バックオフィス連携なしにECは成長しない データ活用とシステム戦略で生み出す小売業の未来

Oracle NetSuite活用でオムニチャネルを実現したオーマイグラス

 ここで海老原氏は、Oracle NetSuiteを活用してECのバックオフィスを整備した例として、メガネ専門小売事業者 オーマイグラスの事例を紹介。同社は国内10店舗に加えECサイトを立ち上げており、NetSuiteの導入後3年でメガネのECサイトとしては国内最大級にまで成長している。

 同社の特徴は、ウェブ上でメガネフレームを複数選択した上で、試着場所を実店舗もしくは自宅から選択、さらには購入後も店頭受取、自宅配送と顧客の望む手段を選ぶことができる柔軟性の高い対応力にある。自社でECや実店舗を運営するだけでなく、メガネチェーンへの卸やフランチャイズ加盟店などさまざまな販路のデータをOracle NetSuiteに集め、次なる販売戦略策定に活用していると言う。つまり、Oracle NetSuiteの導入により、自社の事業プロセスのDX化と収集・蓄積したデータの未来への活用というふたつの目標を達成しているのだ。

 同社がECサイトをわずか9ヵ月でカットオーバーし、3年間で国内最大級にまで成長させることに成功した背景には、オンプレミス環境からクラウドERPへの移行がある。その結果、オムニチャネルでの在庫管理や販売管理などのデータの一元管理に加えて拡張性も実現。なお、こうしたオムニチャネルの基盤構築は開発者5人のみで行われたそうだ。

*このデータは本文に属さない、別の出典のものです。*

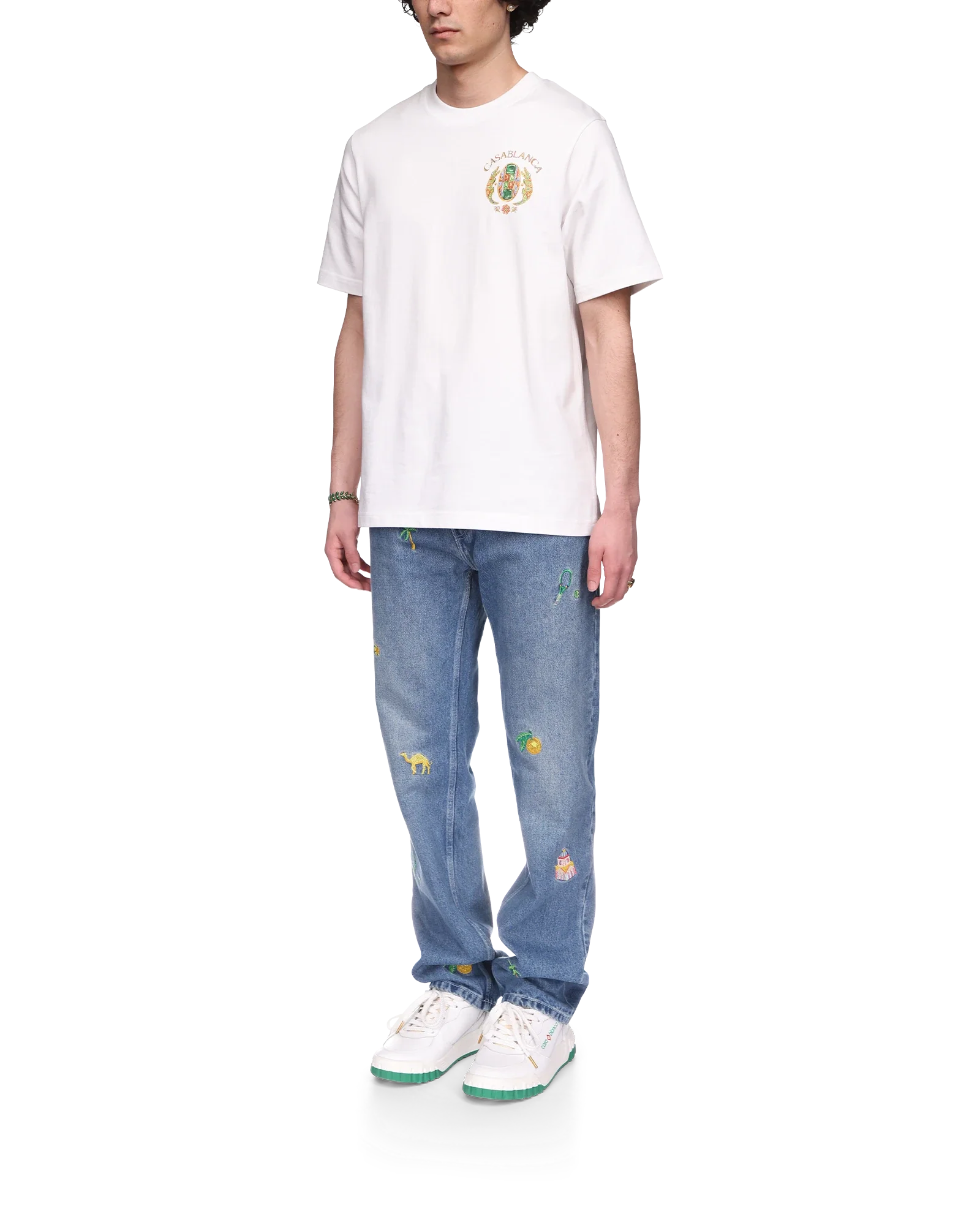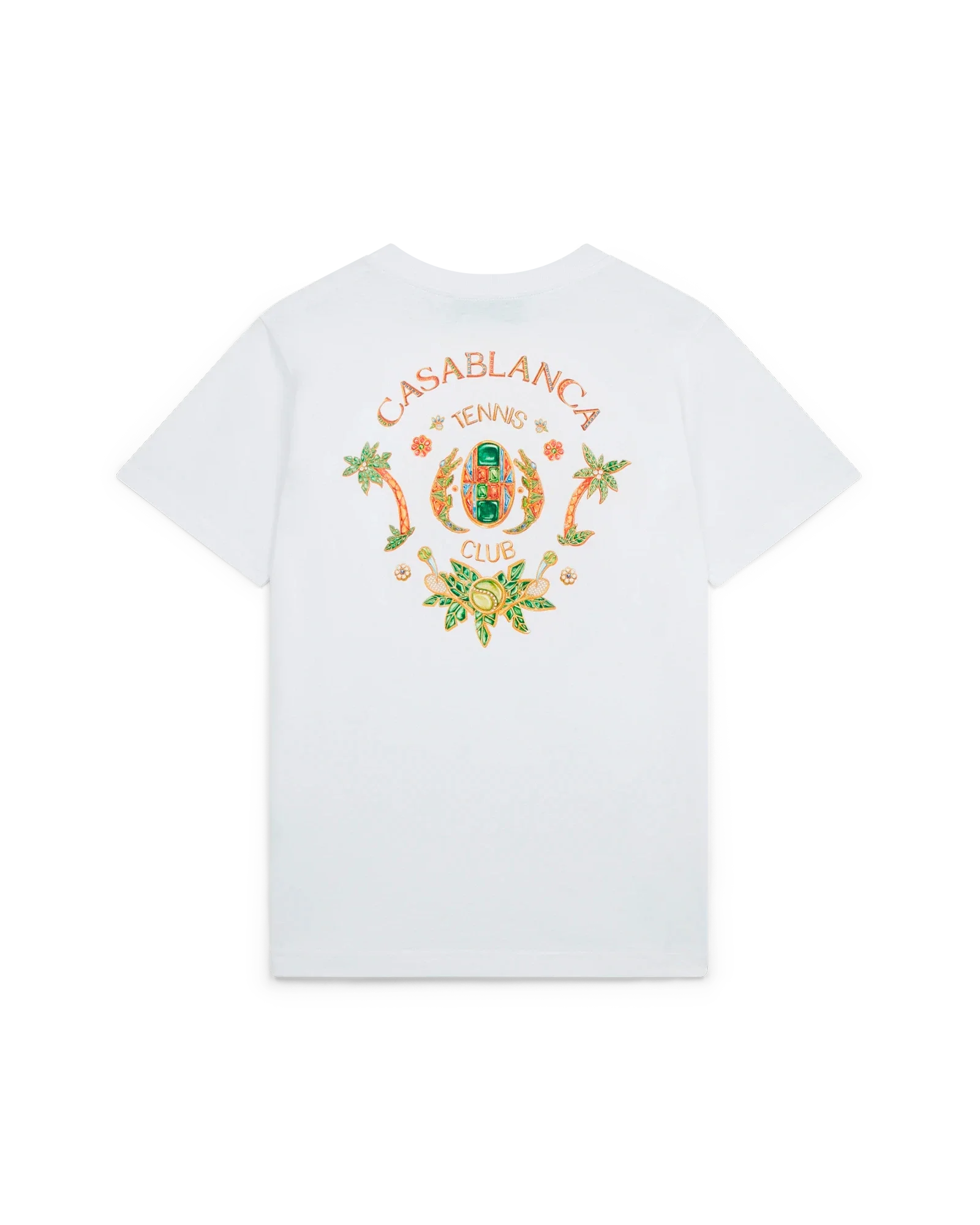 The Joyaux D’Afrique Tennis Club t-shirt is a short-sleeve printed design crafted from organic cotton and features the house’s signature artwork reinterpreted for this season with a new take on our jewellery style blended with our traditional tennis club layout. with the elements being beautiful pieces of jewellery. Completed with a classic crew neck.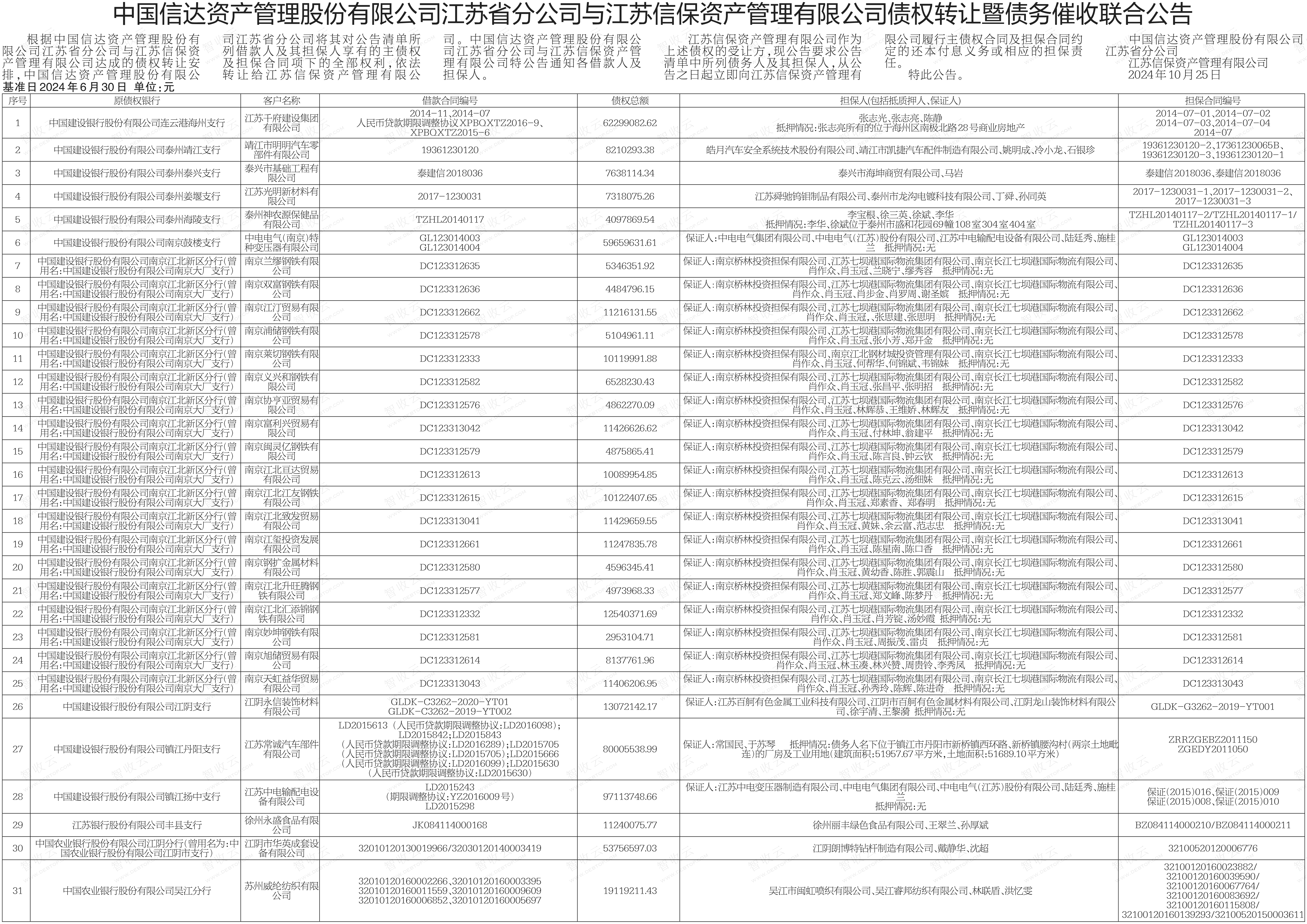 江阴市华英成套设备有限公司,苏州威纶纺织有限公司中国信达资产管理股份有限公司江苏省分公司与江苏信保资产管理有限公司债权转让暨债务催收联合公告 AMC转出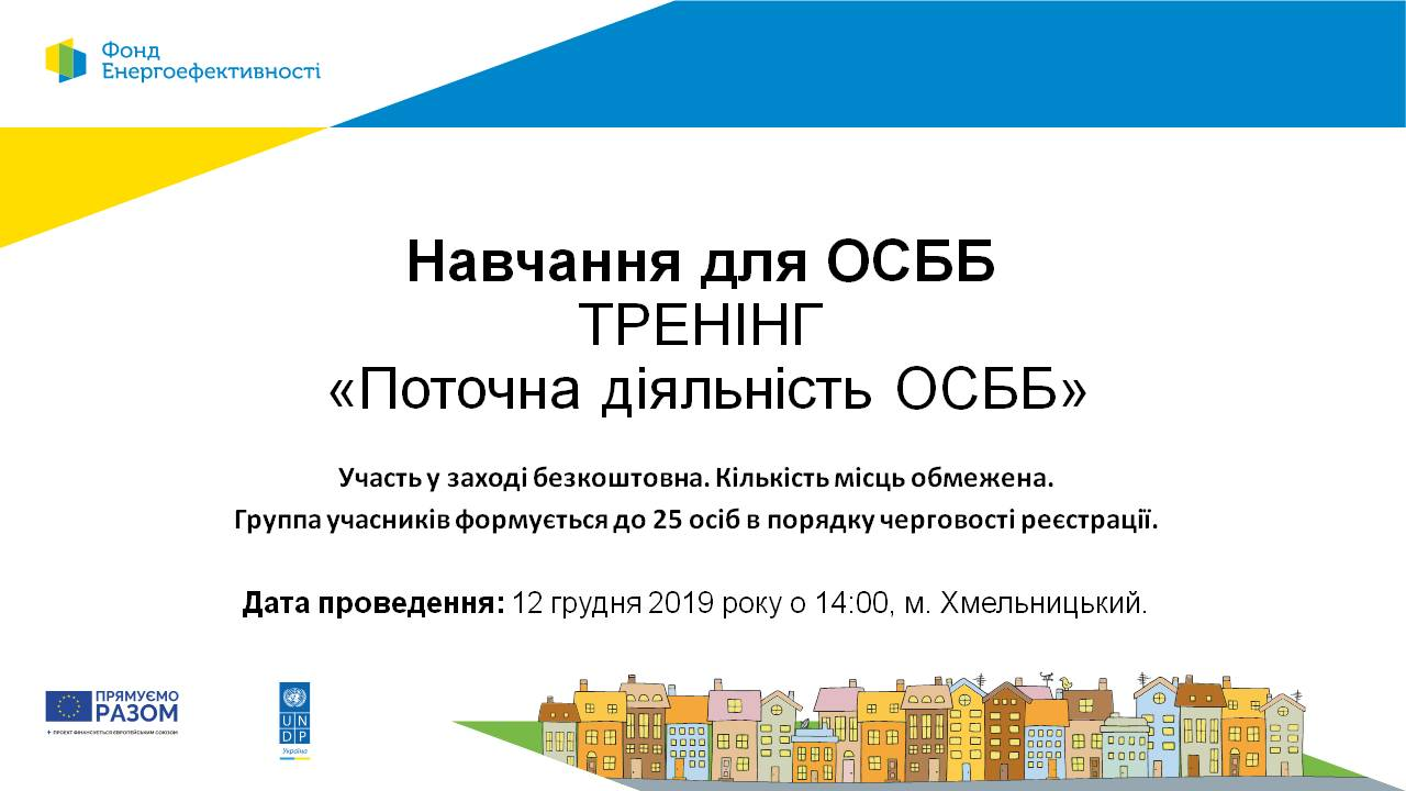 Перший навчальний тренінг «Налагодження роботи та поточна діяльність ОСББ» відбудеться 12 грудня (четвер) 2019 року о 14:00, за адресою: м. Хмельницький, вул. Проскурівська, 1, кімната 203 зал засідань (2-й поверх, приміщення управління житлово-комунального господарства Хмельницької міської ради).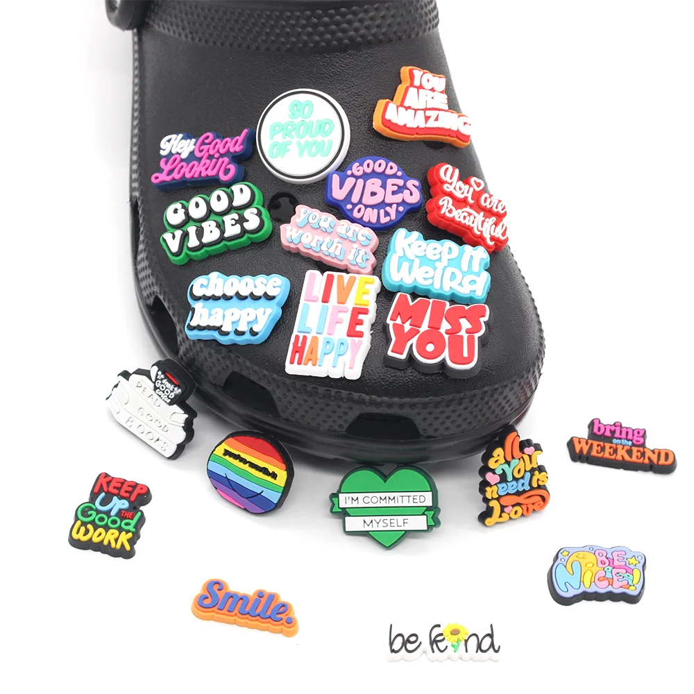 1 шт. мотивационные английские фразы, подвески для обуви, пряжки, ПВХ Croc JIBZ, сандалии, садовые сабо, аксессуары, украшение, рождественский подарок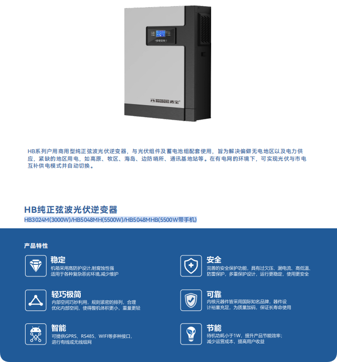 HB純正弦波光伏逆變器HB3024M(3000W)/(5500W)/(5500W帶手機)

 海老原氏は、オーマイグラス 代表取締役社長の清川忠康氏による「我々のオムニチャネル構想は販売チャネルや価格の統合だけではなく、メガネを中心としたBtoBビジネスのハブとなるサービスの提供にあります。そのためには、すべてのチャネルで扱われるデータを我々の基幹システムで一元管理しなければなりません」という言葉を紹介。「こうした計画に耐え得る唯一のクラウドサービスとして、Oracle NetSuiteを高く評価いただいた」と語った。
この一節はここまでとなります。